Question

A car starting from rest travels for 5s covering a displacement of 50m. It’s constant acceleration is

Answer 1

Given:-

• Initial velocity ,u = 0m/s
• Displacement ,s = 50m
• Time taken ,t = 5 s

To Find:-

• Acceleration ,a

Solution:-

According to the given statement !!

It is given that the car start from rest and travel 50 m in 5 second.

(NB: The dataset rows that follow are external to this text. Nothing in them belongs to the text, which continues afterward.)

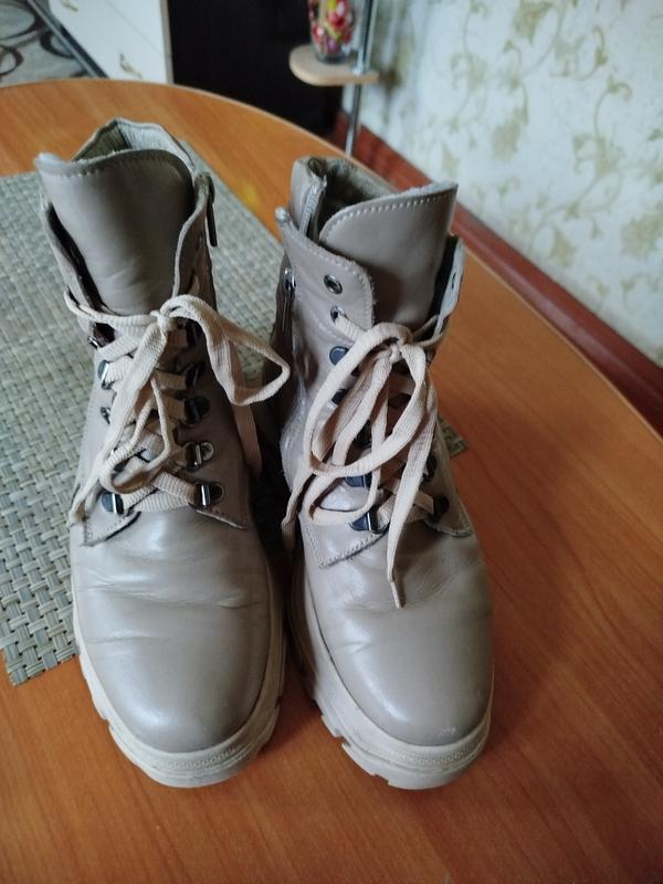 Ботинки жіночі із натуральної шкіри фабричні з утепленням. Дуже зручні, колір приємний бежевий. Стан гарний. Розмір 37 планомірний, підійде і на 38. По устільці 24,2 см.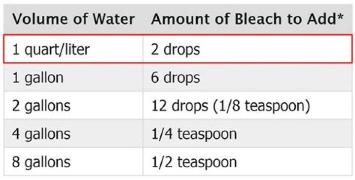 ‘CDC’ instructions for safe drinking water with bleach: Add 1/8 teaspoon (or 8 drops; about 0.625 milliliters) of unscented liquid household chlorine (5–6%) bleach for each gallon of clear water (or 2 drops of bleach for each liter or each quart of clear water).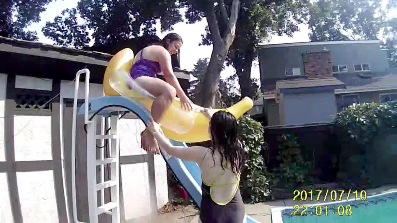 A woman climbs onto a small toy slide to slide into a swimming pool. The slide collapses beneath her and she falls to the ground.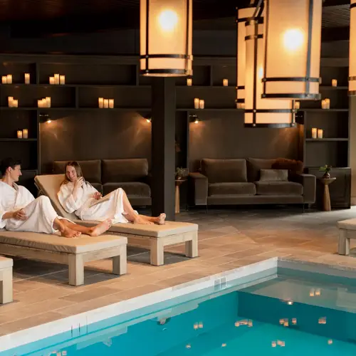 Vom Hotel aus gelangen Sie über einen gepflasterten Weg direkt in unseren privaten Wellness-Garten, eine grüne Oase mit Schwimmbad, Saunahäusern und Ruhebereichen. Über den Außenpool schwimmen Sie direkt zum Innenpool. Sowohl der Innen- als auch der Außenbereich sind mit Duschen und bequemen Liegestühlen ausgestattet. Dieser exklusive Service ist kostenlos und steht nur den Hotelgästen zur Verfügung.

We have to calculate the acceleration of the car . Using 2nd equation of motion we get

• s = ut + 1/2at²

where,

• s is the displacement
• a is the acceleration
• u is the initial velocity
• t is the time taken

Substitute the value we get

$:\implies$ 50 = 0×5 + 1/2×a × 5²

$:\implies$ 50 = 0 + 1/2× a × 25

$:\implies$ 50×2 = 25×a

$:\implies$ 100 = 25×a

$:\implies$ 100/25 = a

$:\implies$ a = 100/25

$:\implies$ a = 4 m/s²

• Hence, the acceleration of the car is 4 m/s².

Answer 2

Answer:

Given :-

• A car starting from rest travels for 5 seconds a displacement of 50 m.

To Find :-

• What is the constant acceleration.

Formula Used :-

$\clubsuit$ Second equation of motion :

$\longmapsto \sf\boxed{\bold{\pink{s =\: ut + \dfrac{1}{2}at^2}}}$

where,

• s = Distance travelled or Displacement
• u = Initial Velocity
• t = Time
• a = Acceleration

Solution :-

Given :

• Initial Velocity (u) = 0 m/s
• Distance travelled or Displacement (s) = 50 m
• Time (t) = 5 seconds

According to the question by using the formula we get,

$\dashrightarrow \sf 50 =\: (0)(5) + \dfrac{1}{2} \times a(5)^2$

$\dashrightarrow \sf 50 =\: 0 + \dfrac{1}{2} \times a(25)$

$\dashrightarrow \sf 50 =\: 0 + \dfrac{1}{2} \times 25a$

$\dashrightarrow \sf 50 - 0 =\: \dfrac{1}{2} \times 25a$

$\dashrightarrow \sf 50 =\: \dfrac{1}{2} \times 25a$

$\dashrightarrow \sf 50 \times 2 =\: 25a$

$\dashrightarrow \sf 100 =\: 25a$

$\dashrightarrow \sf a =\: \dfrac{\cancel{100}}{\cancel{25}}$

$\dashrightarrow \sf a =\: \dfrac{4}{1}$

$\dashrightarrow \sf\bold{\red{a =\: 4\: m/s^2}}$

$\therefore$ The constant acceleration is 4 m/s².

$\rule{150}{2}$

EXTRA INFORMATION:

$\clubsuit$ First equation of motion :

$\longmapsto \sf\boxed{\bold{\pink{v =\: u + at}}}$

$\clubsuit$ Second equation of motion :

$\longmapsto \sf\boxed{\bold{\pink{s =\: ut + \dfrac{1}{2}at^2}}}$

$\clubsuit$ Third equation of motion :

$\longmapsto \sf\boxed{\bold{\pink{v^2 - u^2 =\: 2as}}}$

where,

• s = Distance Travelled
• u = Initial Velocity
• v = Final Velocity
• a = Acceleration
• t = Time